### PROBLEM
Pull out the lines from the one containing "Petugas kepolisian saat" through the final line of the listing below and repeat them exactly. Leave the pictures behind.

### DATASET CONTENT
▶

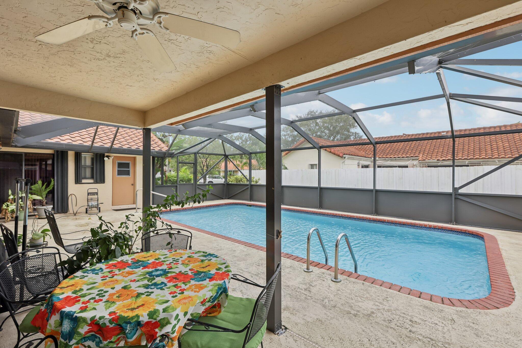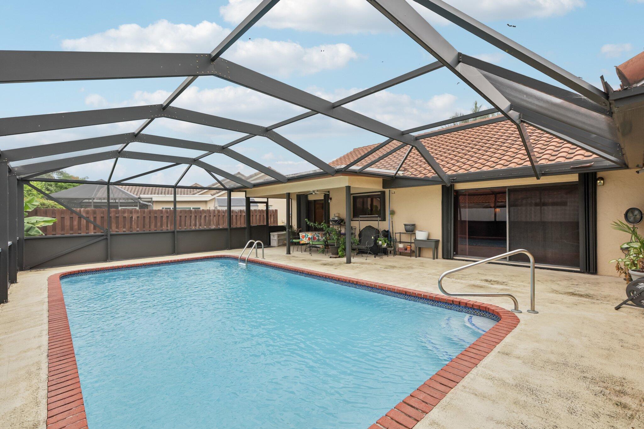 Spacious 3-Bedroom Pool Home on 1/4 AcreThis beautifully maintained 3-bedroom, 2-bath home features oversized bedrooms, double-sink bathrooms, and generous closet space. Recent upgrades include a newer roof (2021), AC (2021), and hot water heater (2021). The sparkling pool has been fully resurfaced and is enclosed by a newer screened cage, perfect for year-round enjoyment.Enjoy the bright, open floor plan, a 2-car garage, and an extended driveway that easily fits 6+ cars. Situated on a quarter-acre lot, this home offers both comfort and space--inside and out.'Great area for schools , religous institutions, close to the beach.HOA includes cable and internet, pickleball couts, rackertball courts and a lovely pool area.Owner says SELL!
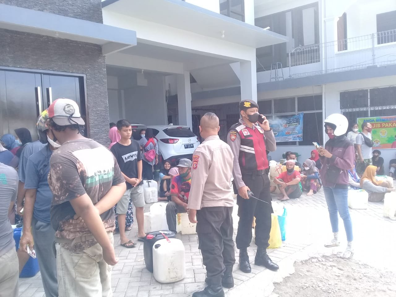 Petugas kepolisian saat memonitor masyarakat yang antri membeli minyak goreng curah. (Istimewa)
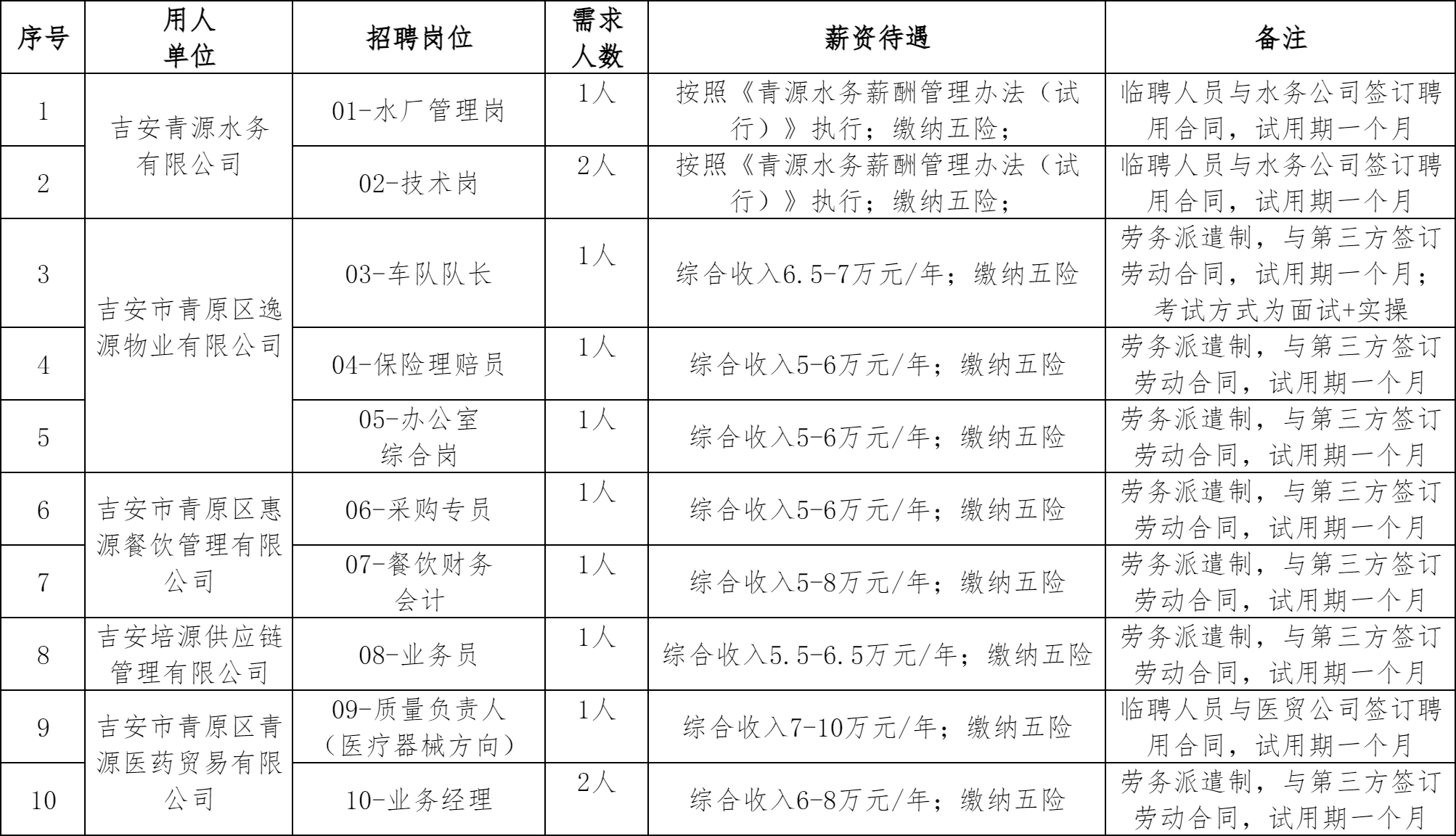 根据工作需要,吉安青源发展集团有限公司下属子公司吉安青源水务有限公司、吉安市青原区逸源物业有限公司、吉安市青原区惠源餐饮管理有限公司、吉安培源供应链管理有限公司、吉安市青原区青源医药贸易有限公司决定面向社会公开招聘12名临聘人员。现将有关事项公告如下:
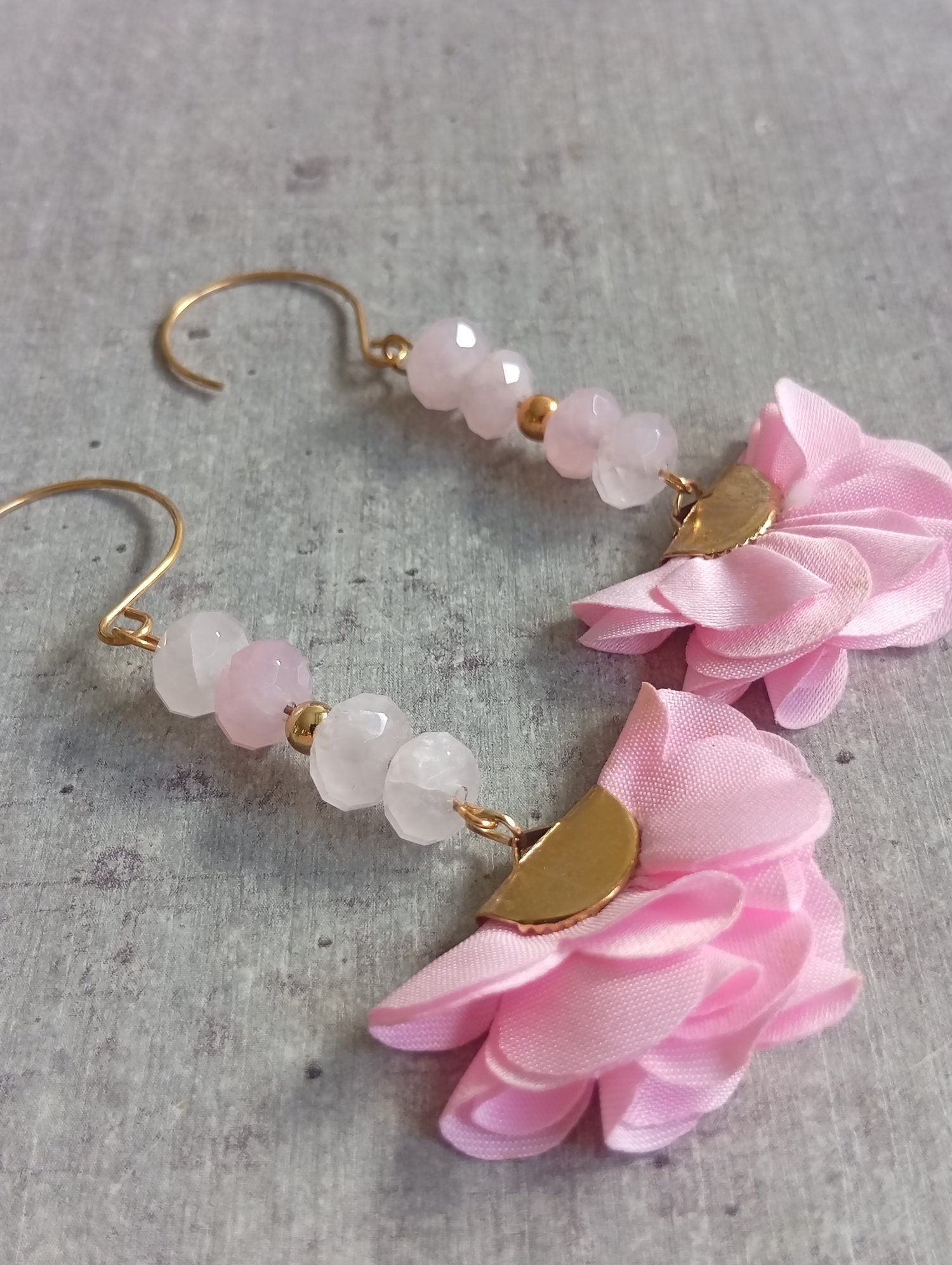 Elles mettent en valeur deux perles de quartz rose facetté, montées à la main avec soin.

◀

### WRITTEN RESPONSE
 Petugas kepolisian saat memonitor masyarakat yang antri membeli minyak goreng curah. (Istimewa)
 根据工作需要,吉安青源发展集团有限公司下属子公司吉安青源水务有限公司、吉安市青原区逸源物业有限公司、吉安市青原区惠源餐饮管理有限公司、吉安培源供应链管理有限公司、吉安市青原区青源医药贸易有限公司决定面向社会公开招聘12名临聘人员。现将有关事项公告如下:
 Elles mettent en valeur deux perles de quartz rose facetté, montées à la main avec soin.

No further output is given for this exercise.